Sono interessate dalla proroga anche:

  • le imposte sostitutive (cedolare secca, imposte dei regimi forfetario e di vantaggio);

  • le addizionali (maggiorazione IRES per le società di comodo) delle imposte sui redditi e le imposte patrimoniali per le quali si applicano i medesimi criteri di versamento dell’acconto (IVIE e IVAFE).

La proroga è subordinata al verificarsi di un duplice requisito: soggettivo ed oggettivo.

In base al requisito “soggettivo”, sono destinatari del differimento i soggetti che rispettano entrambe le seguenti condizioni:

  • esercitano attività economiche per le quali sono stati approvati gli indici sintetici di affidabilità fiscale (ISA);
  • dichiarano ricavi o compensi di ammontare non superiore al limite stabilito, per ciascun indice, dal relativo decreto di approvazione del Ministro dell’Economia e delle finanze.

Da un punto di vista “oggettivo” invece, la proroga spetta a condizione che, nel primo semestre dell’anno 2020, l’ammontare del fatturato o dei corrispettivi sia diminuito di almeno il 33% rispetto allo stesso periodo dell’anno precedente.

Conversione Decreto Agosto. Esenzioni per la nuova IMU

Tra le novità introdotte dalla Legge n. 126/2020 anche quelle che riguardano la “nuova IMU”.

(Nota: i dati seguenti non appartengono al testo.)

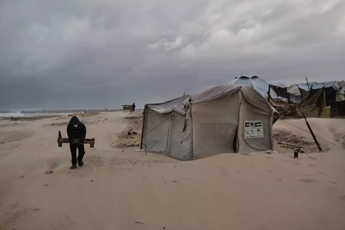 The majority of Palestinians live in makeshift tents since their homes were reduced to rubble during the war. When storms now strike the territory, Palestinian rescue workers warn people against seeking shelter inside damaged buildings, saying they could fall down on top of them.

Gli articoli 78 e 78-bis del Dl Agosto prevedono l’esenzione dal pagamento della seconda rata del 2020 dell’IMU per:

  • stabilimenti balneari marittimi, lacuali e fluviali o termali, nonché alberghi, pensioni e immobili destinati alle attività turistiche, a condizione che i rispettivi proprietari (soggetti passivi) siano anche gestori delle attività esercitate;

  • immobili utilizzati per eventi fieristici o manifestazioni;

  • immobili destinati a spettacoli cinematografici e teatrali e a discoteche e sale da ballo.

Ancora l’articolo 78-bis amplia il novero dei soggetti esenti con riferimento al settore agricolo, sancendo con effetto retroattivo l’esenzione IMU per:

  • i soci di società di persone, esercenti attività agricola e in possesso della qualifica di coltivatore diretto (CD) o di imprenditore agricolo professionale (IAP);
  • i coltivatori diretti e imprenditori agricoli professionali pensionati che continuano a svolgere l’attività agricola e mantengono l’iscrizione nella relativa gestione previdenziale e assistenziale agricola;
  • i familiari coadiuvanti del coltivatore diretto, appartenenti al medesimo nucleo familiare e iscritti nella gestione previdenziale e assistenziale agricola come coltivatori diretti.